Assignment:
With pictures removed, output every record below exactly as written.

Items from a dataset:
== Segment start ==

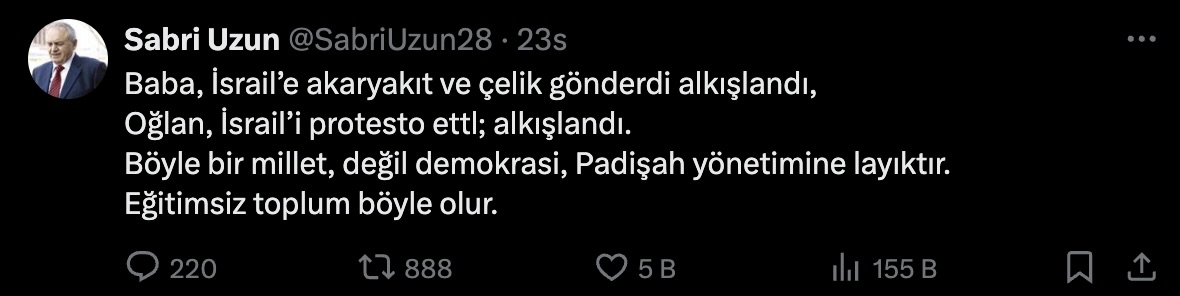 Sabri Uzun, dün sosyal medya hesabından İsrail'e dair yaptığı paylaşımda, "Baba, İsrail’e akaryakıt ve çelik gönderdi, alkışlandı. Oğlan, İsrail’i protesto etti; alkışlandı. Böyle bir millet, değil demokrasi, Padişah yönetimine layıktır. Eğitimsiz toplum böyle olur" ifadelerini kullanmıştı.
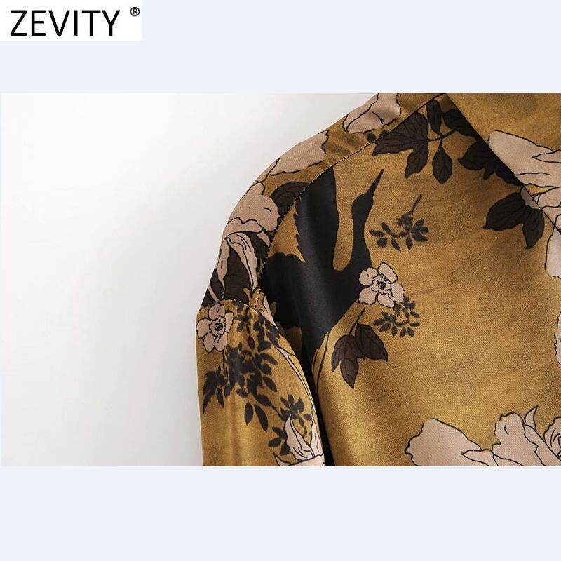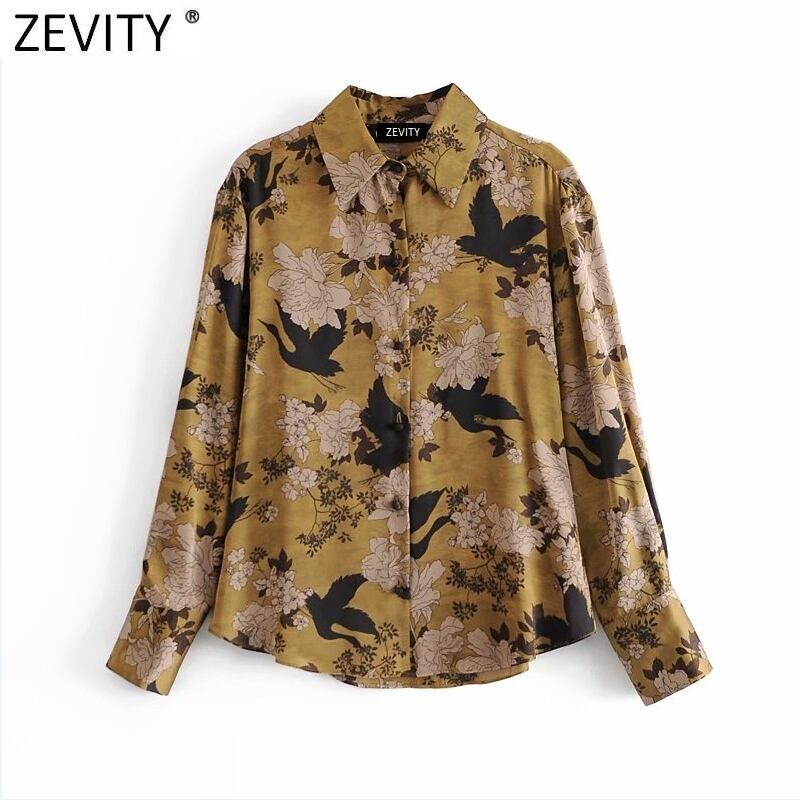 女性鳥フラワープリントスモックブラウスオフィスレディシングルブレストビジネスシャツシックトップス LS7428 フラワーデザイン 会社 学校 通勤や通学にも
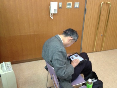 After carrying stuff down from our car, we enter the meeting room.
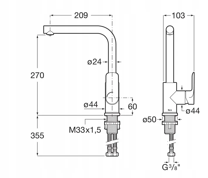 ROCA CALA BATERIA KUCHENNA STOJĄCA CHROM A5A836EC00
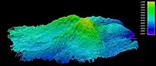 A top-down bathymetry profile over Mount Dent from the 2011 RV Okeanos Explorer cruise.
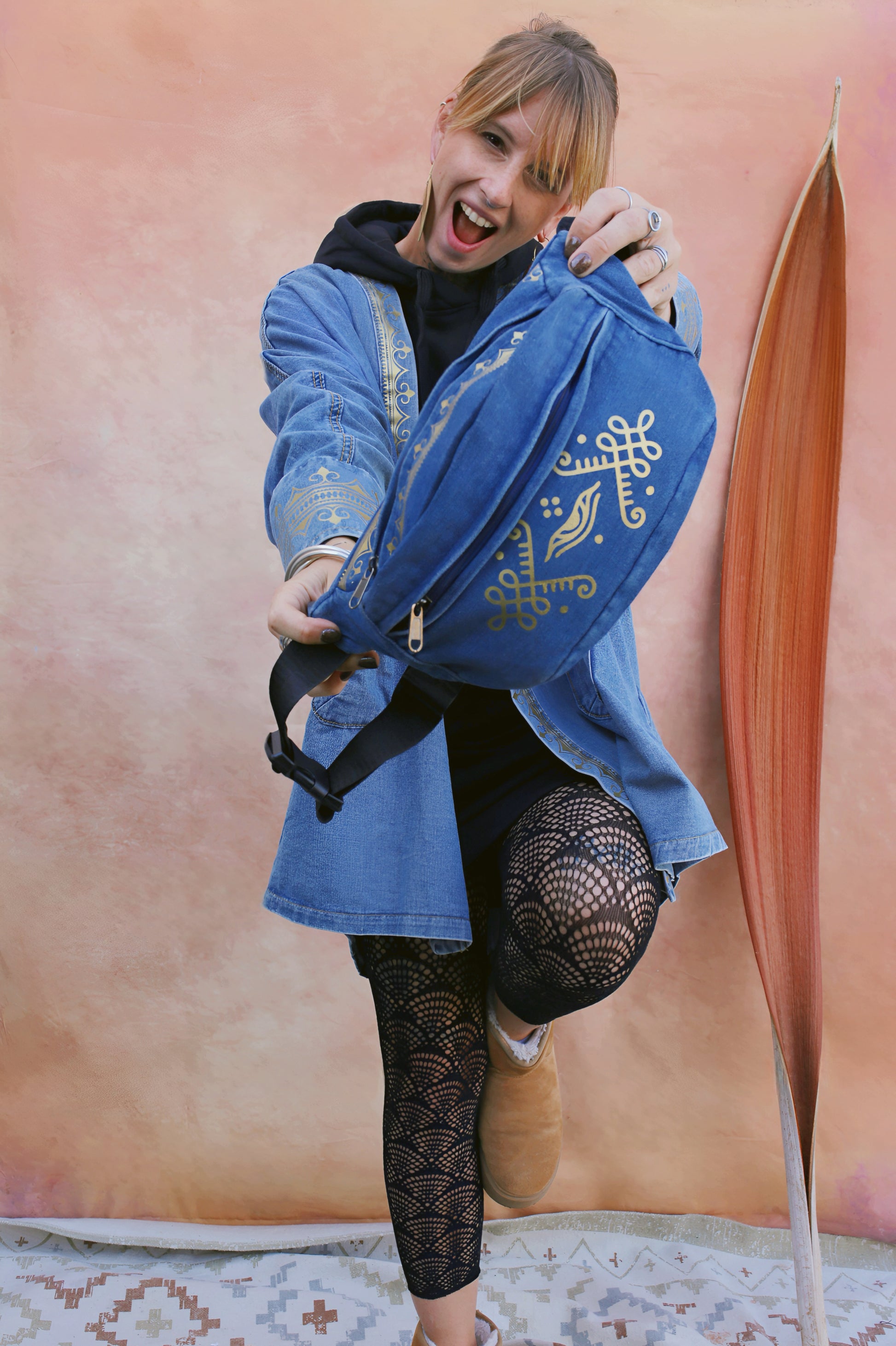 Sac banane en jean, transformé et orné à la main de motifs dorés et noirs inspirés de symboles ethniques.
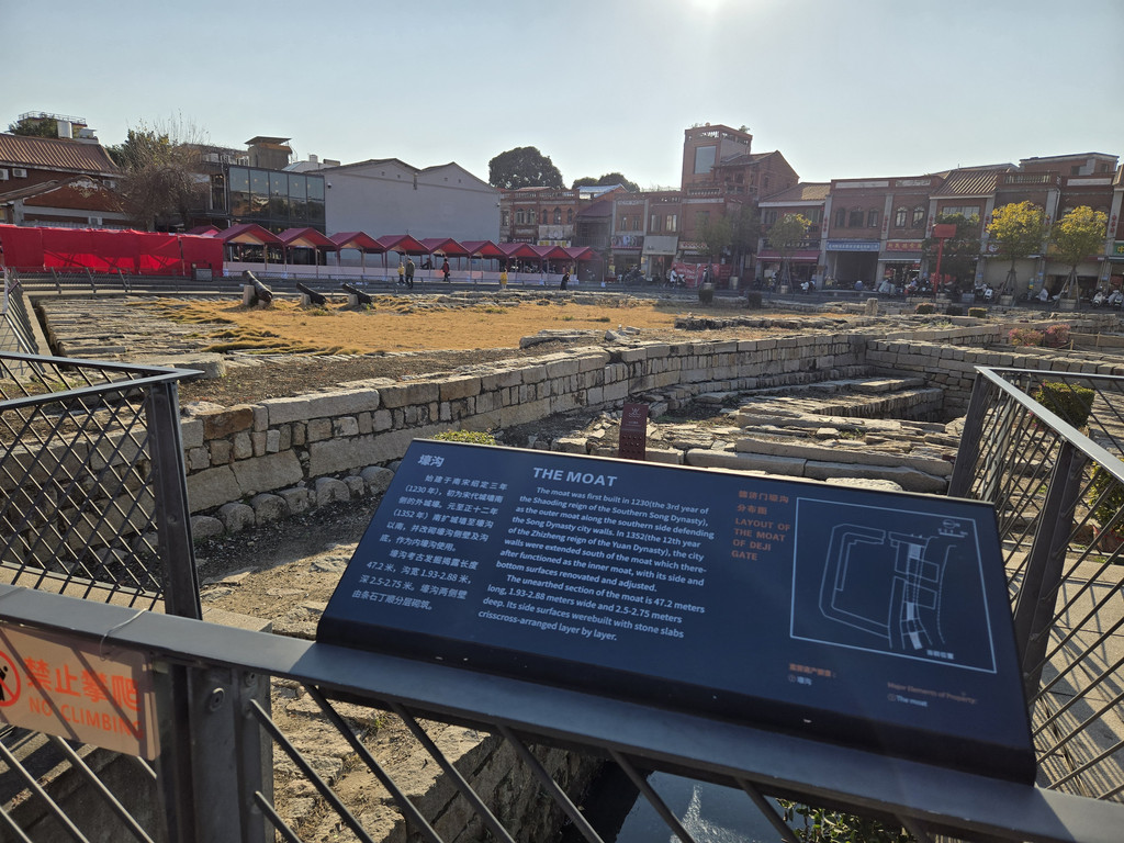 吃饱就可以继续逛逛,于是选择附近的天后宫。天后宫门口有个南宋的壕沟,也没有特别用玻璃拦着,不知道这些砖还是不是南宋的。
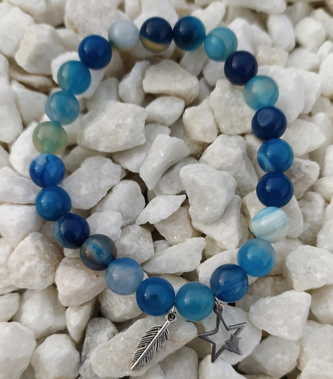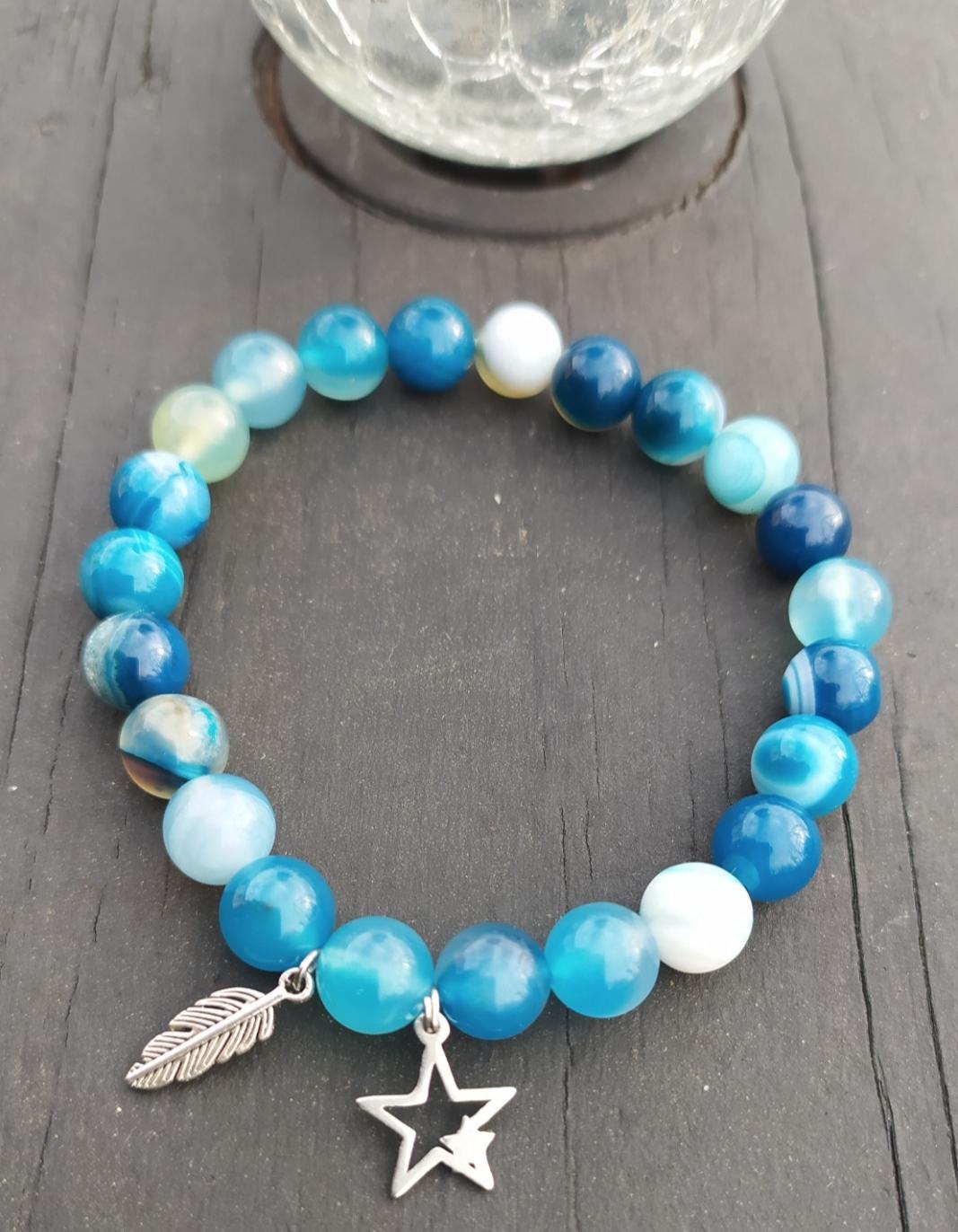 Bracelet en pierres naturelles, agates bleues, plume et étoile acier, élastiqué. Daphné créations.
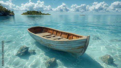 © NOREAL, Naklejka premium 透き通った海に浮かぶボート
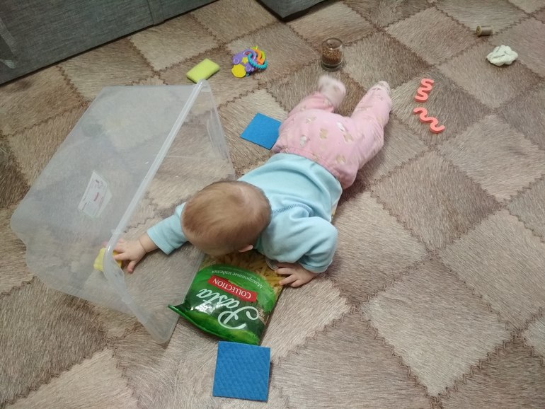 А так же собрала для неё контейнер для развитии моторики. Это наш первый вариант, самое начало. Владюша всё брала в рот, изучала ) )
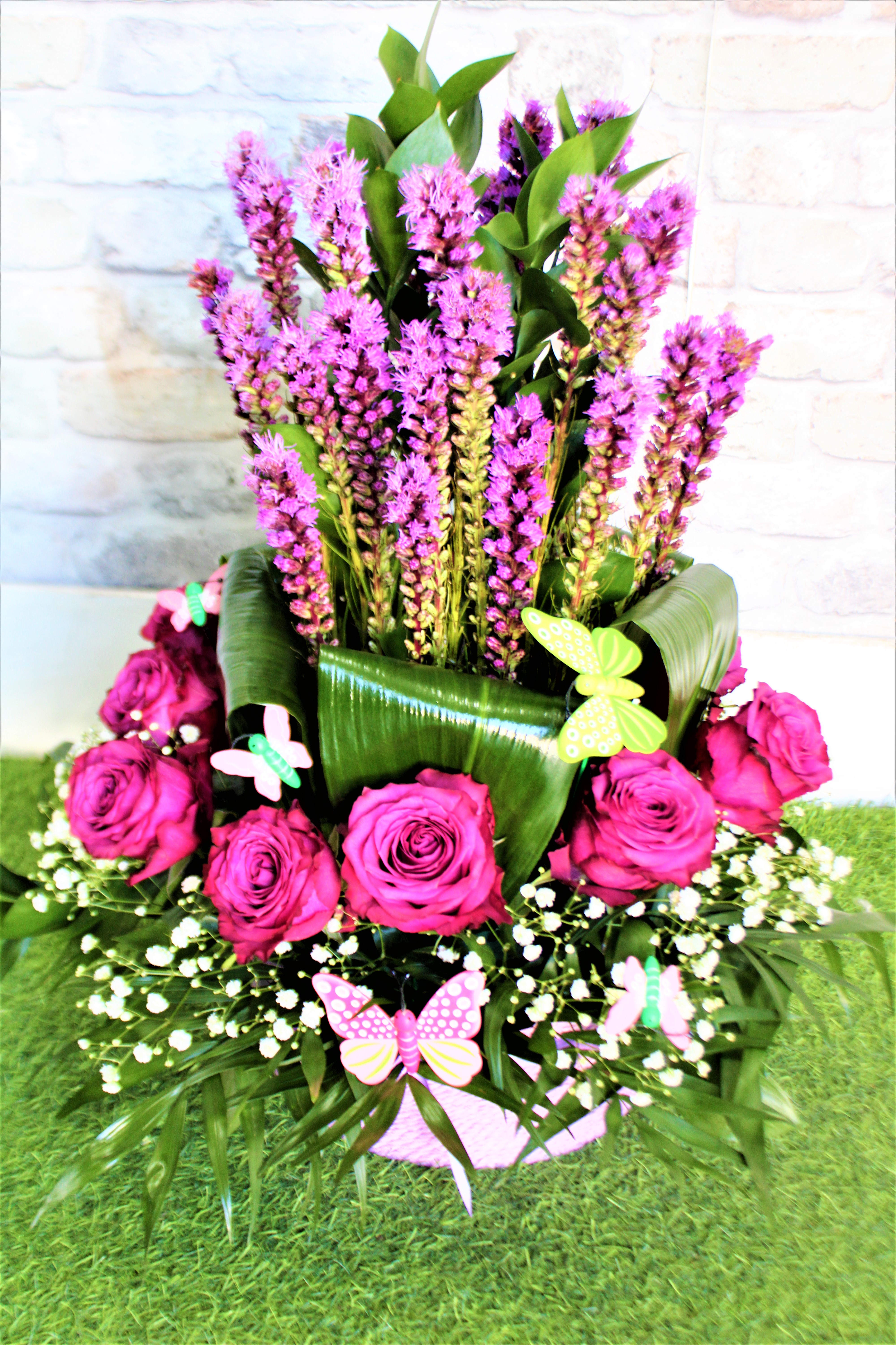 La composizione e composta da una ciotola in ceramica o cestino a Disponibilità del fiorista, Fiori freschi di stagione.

== Segment end ==

Response to the task:
 Sabri Uzun, dün sosyal medya hesabından İsrail'e dair yaptığı paylaşımda, "Baba, İsrail’e akaryakıt ve çelik gönderdi, alkışlandı. Oğlan, İsrail’i protesto etti; alkışlandı. Böyle bir millet, değil demokrasi, Padişah yönetimine layıktır. Eğitimsiz toplum böyle olur" ifadelerini kullanmıştı.
 女性鳥フラワープリントスモックブラウスオフィスレディシングルブレストビジネスシャツシックトップス LS7428 フラワーデザイン 会社 学校 通勤や通学にも
 After carrying stuff down from our car, we enter the meeting room.
 ROCA CALA BATERIA KUCHENNA STOJĄCA CHROM A5A836EC00
 A top-down bathymetry profile over Mount Dent from the 2011 RV Okeanos Explorer cruise.
 Sac banane en jean, transformé et orné à la main de motifs dorés et noirs inspirés de symboles ethniques.
 吃饱就可以继续逛逛,于是选择附近的天后宫。天后宫门口有个南宋的壕沟,也没有特别用玻璃拦着,不知道这些砖还是不是南宋的。
 Bracelet en pierres naturelles, agates bleues, plume et étoile acier, élastiqué. Daphné créations.
 © NOREAL, Naklejka premium 透き通った海に浮かぶボート
 А так же собрала для неё контейнер для развитии моторики. Это наш первый вариант, самое начало. Владюша всё брала в рот, изучала ) )
 La composizione e composta da una ciotola in ceramica o cestino a Disponibilità del fiorista, Fiori freschi di stagione.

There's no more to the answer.